The March winds that had raged all the previous night had turned with the morning to a snowstorm, and the flakes were now falling so heavily that the barn was only just visible from the house as the woman rancher plodded through the blinding flakes.

First she threw into the pig-pen the pails of swill and mush she had brought from the house, then watered the stock, no easy matter, for the pumped water froze quickly in the trough, and she was forced to refill it several times. That done, she climbed into the hayloft, and with her pitchfork thrust down through the openings the morning feed for the cow, carefully measured chop from the bin for the mare, allowing half a pail of oats and a bunch of hay for the saddle horse; she threw to the chickens, hens that had followed hungrily in her wake, a pan full of ground barley and wheat seasoned with cayenne pepper, epsom salts and bits of bones and eggshells.

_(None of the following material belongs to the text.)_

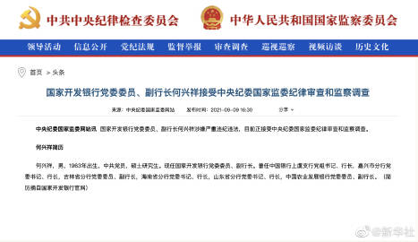 【国家开发银行党委委员、副行长何兴祥接受中央纪委国家监委纪律审查和监察调查】据中央纪委国家监委网站消息,国家开发银行党委委员、副行长何兴祥涉嫌严重违纪违法,目前正接受中央纪委国家监委纪律审查和监察调查。

Finally she went to her milking. The cow was fresh, and she had a full pail. Half of this, however, she fed to the restless little calf, nosing near its mother, and trying to shake off the muzzle that Angella had snapped on the night before in order to wean it. The task of feeding the calf required patience and time, for the restive little "dogie" nearly knocked over the pail, and had to be taught how to drink by feeling the woman's fingers thrust, wet with the milk, into its mouth. She was more than an hour about her chores. With the half-filled pail in one hand, she tramped back to the house through the snow, falling now more heavily than before.

Before leaving the house Angella had lit her fire, and now the place was warm and snug, and the singing kettle lent it an air of cheer. There was a certain attractiveness about the poor shack on the prairie, in spite of its rough, bare log walls and two wee windows. Though she chose to wear men's clothing, and had cut her hair like a man's, yet one had only to look about that room to perceive that the eternal feminine had persisted notwithstanding her angry and pitiful attempt to quench it.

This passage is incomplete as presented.